Он заерзал в скрипучем кресле. Голос теперь звучал за спиной, и Дойл воображал, как она протягивает руку и кладет ему на плечо.
– О чем вы говорите?
– Через две недели я умру.
– Вам угрожают? Откуда такая точная дата?
– Я довольно известный медиум и могу предугадывать будущее. За последние годы у меня было несколько видений, и каждый раз к ним добавлялись новые подробности. Через две недели во время спиритического сеанса меня убьют… двумя выстрелами в грудь.
У Конан Дойла был писательский ум, и он сразу отметил изъян в этой истории.
– Если вы видели свое будущее, то наверняка знаете убийцу.
– К сожалению, я не рассмотрела его лица. В неверном свете свечи я могла разглядеть только человека, который сидел слева от преступника. Еще полгода назад я не знала, кто он. А потом мне попалась на глаза его фотография в «Стрэнде». Истинный гений Артур Конан Дойл и его Шерлок Холмс. Вы были в моих видениях, доктор.
– Мэм, – произнес он глухо, – зачастую люди выискивают в своих, по большей части нелепых, снах и видениях тайный смысл. Однако мало кому дано заглянуть в будущее.
Его слова растворились в ночной тишине.
– Я доверяю своему чутью, доктор Дойл, – наконец вымолвила она дрожащим голосом, – и не сомневаюсь, что буду убита. Только в ваших силах не допустить трагедию. Вы мне поможете?
Он почувствовал теплое дыхание на своей щеке, пьянящий мускусный аромат духов. Шуршание шелка, обтягивающего бедра, рисовало в его воображении юную одалиску в прозрачных шальварах. Наконец он очнулся от грез и потер влажные ладони о подлокотники.

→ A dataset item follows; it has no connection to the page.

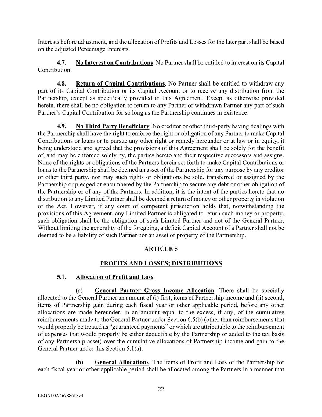 22 LEGAL02/46788613v3 Interests before adjustment, and the allocation of Profits and Losses for the later part shall be based on the adjusted Percentage Interests. 4.7. No Interest on Contributions. No Partner shall be entitled to interest on its Capital Contribution. 4.8. Return of Capital Contributions. No Partner shall be entitled to withdraw any part of its Capital Contribution or its Capital Account or to receive any distribution from the Partnership, except as specifically provided in this Agreement. Except as otherwise provided herein, there shall be no obligation to return to any Partner or withdrawn Partner any part of such Partner’s Capital Contribution for so long as the Partnership continues in existence. 4.9. No Third Party Beneficiary. No creditor or other third-party having dealings with the Partnership shall have the right to enforce the right or obligation of any Partner to make Capital Contributions or loans or to pursue any other right or remedy hereunder or at law or in equity, it being understood and agreed that the provisions of this Agreement shall be solely for the benefit of, and may be enforced solely by, the parties hereto and their respective successors and assigns. None of the rights or obligations of the Partners herein set forth to make Capital Contributions or loans to the Partnership shall be deemed an asset of the Partnership for any purpose by any creditor or other third party, nor may such rights or obligations be sold, transferred or assigned by the Partnership or pledged or encumbered by the Partnership to secure any debt or other obligation of the Partnership or of any of the Partners. In addition, it is the intent of the parties hereto that no distribution to any Limited Partner shall be deemed a return of money or other property in violation of the Act. However, if any court of competent jurisdiction holds that, notwithstanding the provisions of this Agreement, any Limited Partner is obligated to return such money or property, such obligation shall be the obligation of such Limited Partner and not of the General Partner. Without limiting the generality of the foregoing, a deficit Capital Account of a Partner shall not be deemed to be a liability of such Partner nor an asset or property of the Partnership. ARTICLE 5 PROFITS AND LOSSES; DISTRIBUTIONS 5.1. Allocation of Profit and Loss. (a) General Partner Gross Income Allocation. There shall be specially allocated to the General Partner an amount of (i) first, items of Partnership income and (ii) second, items of Partnership gain during each fiscal year or other applicable period, before any other allocations are made hereunder, in an amount equal to the excess, if any, of the cumulative reimbursements made to the General Partner under Section 6.5(b) (other than reimbursements that would properly be treated as “guaranteed payments” or which are attributable to the reimbursement of expenses that would properly be either deductible by the Partnership or added to the tax basis of any Partnership asset) over the cumulative allocations of Partnership income and gain to the General Partner under this Section 5.1(a). (b) General Allocations. The items of Profit and Loss of the Partnership for each fiscal year or other applicable period shall be allocated among the Partners in a manner that

В конце концов, он женатый человек, врач с серьезной практикой и джентльмен.
– Что скажете, доктор Дойл?
Он вздрогнул. Ее дыхание обожгло ему ухо. Она была совсем рядом, только руку протяни.
– Вы не оставите девушку в беде?
Голос располагал к себе, внушал доверие. Так хотелось спасти ее, оградить от опасности.
Но затем он подумал о жене. Она окажется в щекотливом положении.
Прошедший год выдался самым тяжелым в жизни тридцатичетырехлетнего писателя. Его отец, Чарльз Олтемонт Дойл, долгое время страдавший депрессией и алкоголизмом, закончил свои дни в лечебнице для душевнобольных. У его дорогой жены обнаружили скоротечную чахотку. Все достижения современной медицины оказались бессильны сберечь ее легкие. Напрасно девушка на него надеется, и дело не только в том, что всеобщего любимца, Шерлока Холмса, больше нет. Просто Артур Конан Дойл убедился в бессилии человека перед превратностями судьбы, будь он детектив-консультант или доктор.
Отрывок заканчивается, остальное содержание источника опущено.